What you should do
Once you have read the listing, print all of it word for word.

[Input data — start]

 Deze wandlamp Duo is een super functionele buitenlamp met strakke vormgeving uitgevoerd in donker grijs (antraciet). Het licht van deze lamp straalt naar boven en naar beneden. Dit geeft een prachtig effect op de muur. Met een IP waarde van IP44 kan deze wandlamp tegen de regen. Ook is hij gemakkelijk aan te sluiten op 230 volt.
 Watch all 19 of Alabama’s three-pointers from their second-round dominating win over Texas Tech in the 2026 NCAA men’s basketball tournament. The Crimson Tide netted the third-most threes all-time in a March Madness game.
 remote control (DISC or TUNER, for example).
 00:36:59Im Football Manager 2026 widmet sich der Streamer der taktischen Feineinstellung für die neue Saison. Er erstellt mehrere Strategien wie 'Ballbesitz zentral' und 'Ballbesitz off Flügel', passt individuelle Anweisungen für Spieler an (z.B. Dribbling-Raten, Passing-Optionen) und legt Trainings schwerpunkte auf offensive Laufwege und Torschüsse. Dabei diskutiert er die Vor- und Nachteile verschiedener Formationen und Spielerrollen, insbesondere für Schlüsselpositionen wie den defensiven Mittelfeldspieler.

[Input data — finish]

Answer box
 Deze wandlamp Duo is een super functionele buitenlamp met strakke vormgeving uitgevoerd in donker grijs (antraciet). Het licht van deze lamp straalt naar boven en naar beneden. Dit geeft een prachtig effect op de muur. Met een IP waarde van IP44 kan deze wandlamp tegen de regen. Ook is hij gemakkelijk aan te sluiten op 230 volt.
 Watch all 19 of Alabama’s three-pointers from their second-round dominating win over Texas Tech in the 2026 NCAA men’s basketball tournament. The Crimson Tide netted the third-most threes all-time in a March Madness game.
 remote control (DISC or TUNER, for example).
 00:36:59Im Football Manager 2026 widmet sich der Streamer der taktischen Feineinstellung für die neue Saison. Er erstellt mehrere Strategien wie 'Ballbesitz zentral' und 'Ballbesitz off Flügel', passt individuelle Anweisungen für Spieler an (z.B. Dribbling-Raten, Passing-Optionen) und legt Trainings schwerpunkte auf offensive Laufwege und Torschüsse. Dabei diskutiert er die Vor- und Nachteile verschiedener Formationen und Spielerrollen, insbesondere für Schlüsselpositionen wie den defensiven Mittelfeldspieler.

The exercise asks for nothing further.